Bug 2008604

Summary: Backport: Long reboot recovery time for DU node with RT kernel with large number of pods
Product: OpenShift Container Platform Reporter: Ian Miller <imiller>
Component: Telco EdgeAssignee: Ian Miller <imiller>
Telco Edge sub component: RAN QA Contact: yliu1
Status: CLOSED ERRATA Docs Contact:
Severity: medium    
Priority: unspecified CC: yliu1
Version: 4.8   
Target Milestone: ---   
Target Release: 4.8.z   
Hardware: Unspecified   
OS: Unspecified   
Whiteboard:
Fixed In Version: Doc Type: No Doc Update
Doc Text:
Story Points: ---
Clone Of: 2006953 Environment:
Last Closed: 2022-01-18 06:33:08 UTC Type: ---
Regression: --- Mount Type: ---
Documentation: --- CRM:
Verified Versions: Category: ---
oVirt Team: --- RHEL 7.3 requirements from Atomic Host:
Cloudforms Team: --- Target Upstream Version:
Embargoed:
Bug Depends On: 2006953    
Bug Blocks:    

Description Ian Miller 2021-09-28 16:33:37 UTC
+++ This bug was initially created as a clone of Bug #2006953 +++

Reboot recovery time of a DU node with the RT kernel is much longer than without RT kernel. The root cause is BZ 1975356. The DU node profile needs to enable the fix by adding rcupdate.rcu_normal_after_boot=0 to the kernel commandline.

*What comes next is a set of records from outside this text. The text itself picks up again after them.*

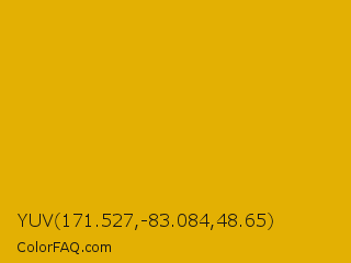 YUV 171.527,-83.084,48.65 Color is a normal yellow color and the nearest color is Galliano #dcb20c. Hex code #e3b003 and RGB value is rgb(227,176,3). In RGB color space, this color is composed of 89% red, 69% green, 1% blue, In CMYK color space, this color is composed of 0% cyan, 22% magenta, 99% yellow , 11% black , In HSL color space, this color has a hue angle of 46° , 97% saturation and 45% lightness.
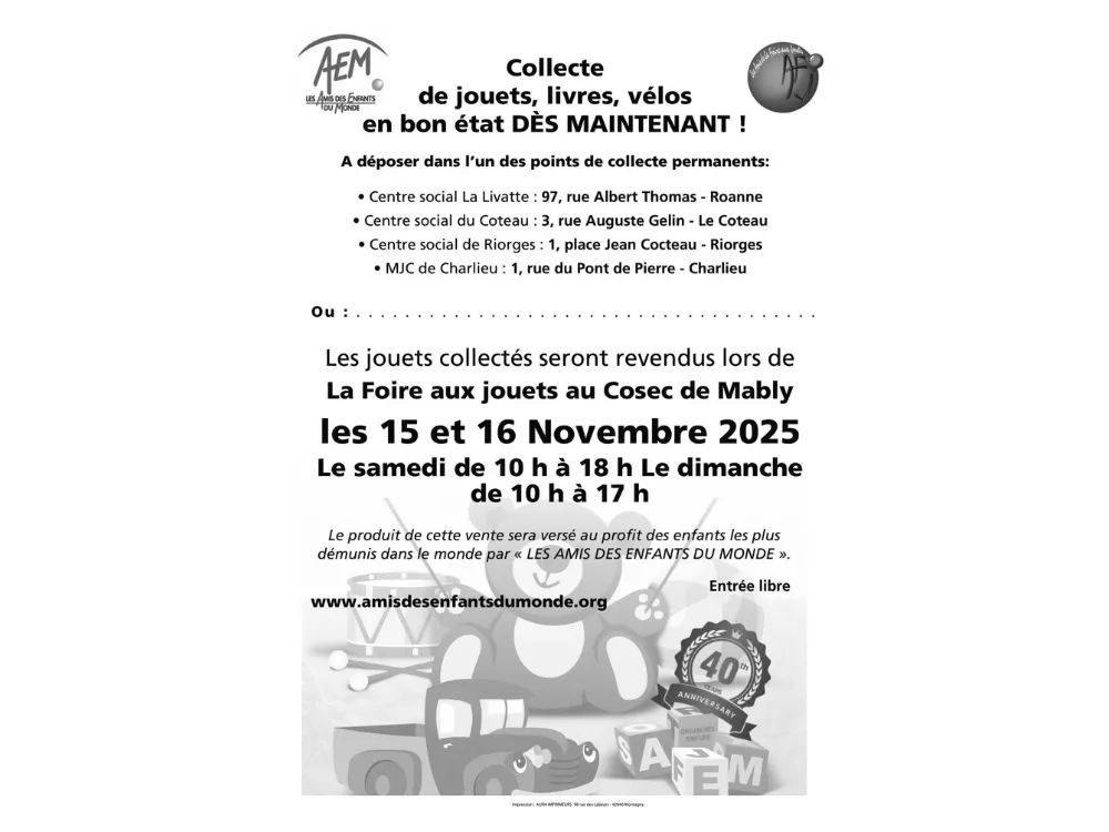 Samedi 15 et dimanche 16 novembre 2025, participez à la 40ème Foire aux jouets organisée par les "les Amis de la foire aux jouets", à la salle du Cosec à Mably.
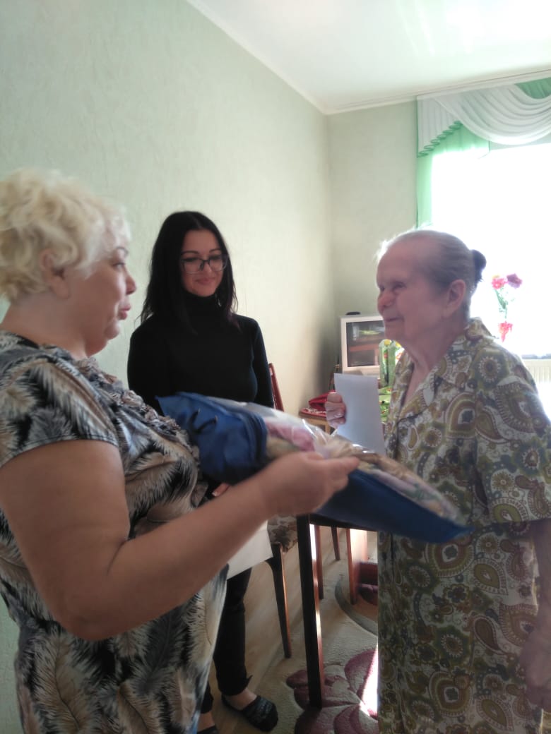 Они вручили имениннице памятный подарок и персональное поздравление от Президента Российской Федерации.

--- Additional comment from  on 2021-09-22 17:59:59 UTC ---

Soft reboot test on 4.9 load with the additional kernel arg took about 14 minutes with 43 test pods. 
If this kernel arg was not added, it could take more than half an hour to recovery.

Comment 1 Ian Miller 2021-09-28 16:36:17 UTC
This bug tracks backport of fix to release-4.8. The automatic clone failed for some reason. The PR is
https://github.com/openshift-kni/cnf-features-deploy/pull/722

Comment 2 Ian Miller 2021-09-29 15:42:17 UTC
Wrong PR in the previous message. The PR for this backport is:
https://github.com/openshift-kni/cnf-features-deploy/pull/713

Comment 3 yliu1 2021-09-29 18:22:36 UTC
Verification for this bz is partially blocked by: https://bugzilla.redhat.com/show_bug.cgi?id=2009033

Comment 4 yliu1 2021-10-15 19:01:00 UTC
Verified on 4.8.15 with 43 test pods. Cluster does become more stable with the additional kernel arg rcupdate.rcu_normal_after_boot=0.
However sometimes cluster still recovery very slowly. A separate bz was opened to track that.  https://bugzilla.redhat.com/show_bug.cgi?id=2014542

Comment 7 errata-xmlrpc 2022-01-18 06:33:08 UTC
Since the problem described in this bug report should be
resolved in a recent advisory, it has been closed with a
resolution of ERRATA.

For information on the advisory (OpenShift Container Platform 4.8.27 bug fix update), and where to find the updated
files, follow the link below.

If the solution does not work for you, open a new bug report.

https://access.redhat.com/errata/RHBA-2022:0113